On one sad project not too long ago, I had to force the final clip through the motherboard, and then use Crazy Glue to keep the fan from coming loose. The kludge worked -- indeed, the PC still runs just fine -- notwithstanding the fact that the glue ate away some insulation on the bottom of the mobo.

For any project, I'd recommend that builders eschew the stock Intel fan for a better alternative, which usually isn't any more expensive. One acceptable aftermarket offering is StarTech's Socket 775 Fan. The StarTech has a big plastic "X," with four posts, that you insert from the bottom side of the motherboard. Then you seat the fan on the top site, and attach it to that restraining clip via four spring-loaded screws. It's much more effective than Intel's funky clips. An additional bonus is that the fan is easily salvageable if your system breaks.

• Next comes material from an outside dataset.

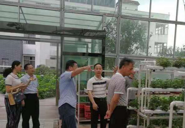 在玉瑶山庄,市科协调研组一行听取了湘桥区科协关于科普教育基地的建设工作汇报,实地考察了解玉瑶山庄申报科普教育基地的各项建设项目进展情况,参观温室大棚植物科普展示,玉瑶山庄科普人员现场演示植物工厂的温湿度、营养液投放等远程智能控制操作。
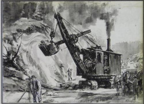 SIMPKINS, Henry John, A.R.C.A., 1906- . "The Construction Site". Aquarelle, signée. Watercolour, signed. 13 1/2" x 19" - 34.2cm x 48.2cm.

On the assumption that the Core 2 Extreme would run hotter than the average dual core, I sought out the best cooling solution for the buck. It turned out to be the $27 Freezer 7 Pro from Arctic Cooling. While the Freezer Pro has spring-loaded clips, they're better designed than the ones on the Intel 775 fans, so they seat easily. The unit also has a detachable fan, which you remove so you can get at the clips. It also comes with pre-applied lithium grease, which is crucial for a proper thermal connection between the processor and the heat sink.

Mostly, the unit just looks impressive, with the biggest darn processor heat sink you're likely to see. With the PC fired up, the Freezer Pro keeps it running near ambient (room temperature) at idle. Even when the system was cranked up, the CPU temperature rarely rose above 46 degrees C. Another minor but important point: While most modern mobos have 24-pin main power connectors, probably half of all power supplies still have the old-style, 20-pin connectors. If you get one of these, you'll have to get a 20-to-24 pin adaptor before you can fire up your system. They're only $8 or so, but the oversight isn't worth the two-day shipping wait.

A similar situation applies to the 4-pin 12V connector, which is a separate bundle of wires running out of the power supply. Some motherboards use instead a new, 6-pin PCI-E connection. However, since nearly all supplies have stuck with the old, 4-pin version, motherboards requiring the newer hook-up almost always include an adaptor.


Benchmarks: Where The Rubber Hits The Road

The benchmarks for the final system were a real disappointment. The overall PCMark05 score of 2,890 was dragged down by my anemic GeForce 5200 graphics card. A system with the same processor but equipped with a GeForce 8800-class card normally gets a PCMark05 rating of 19,119--a full order-of-magnitude greater than my box achieved. Unfortunately, the $300 minimum price tag commanded by that kind of graphics power was way beyond my budget for the project.

(click image for larger view)Final installation showing the board, peripherals, and power connectors attached.

As well, the four-year-old 80 Gbyte Maxtor hard drive I salvaged from a half-working machine to use in this project also negatively impacted the benchmark results. Though its 5,200-rpms were fast for its day, it only loaded apps at a data rate of 6.33 Mbyte/sec.

With such pokey peripherals, it's perhaps unsurprising that my year-old dual-core system bested the Core 2 Extreme, garnering 3,981 PCMarks. How could that be? Well, even though the processor was a less powerful 2.6-GHz AMD Athlon 64 X2 5000+, it had slightly hotter graphics in the form of a GeForce 6200-class card.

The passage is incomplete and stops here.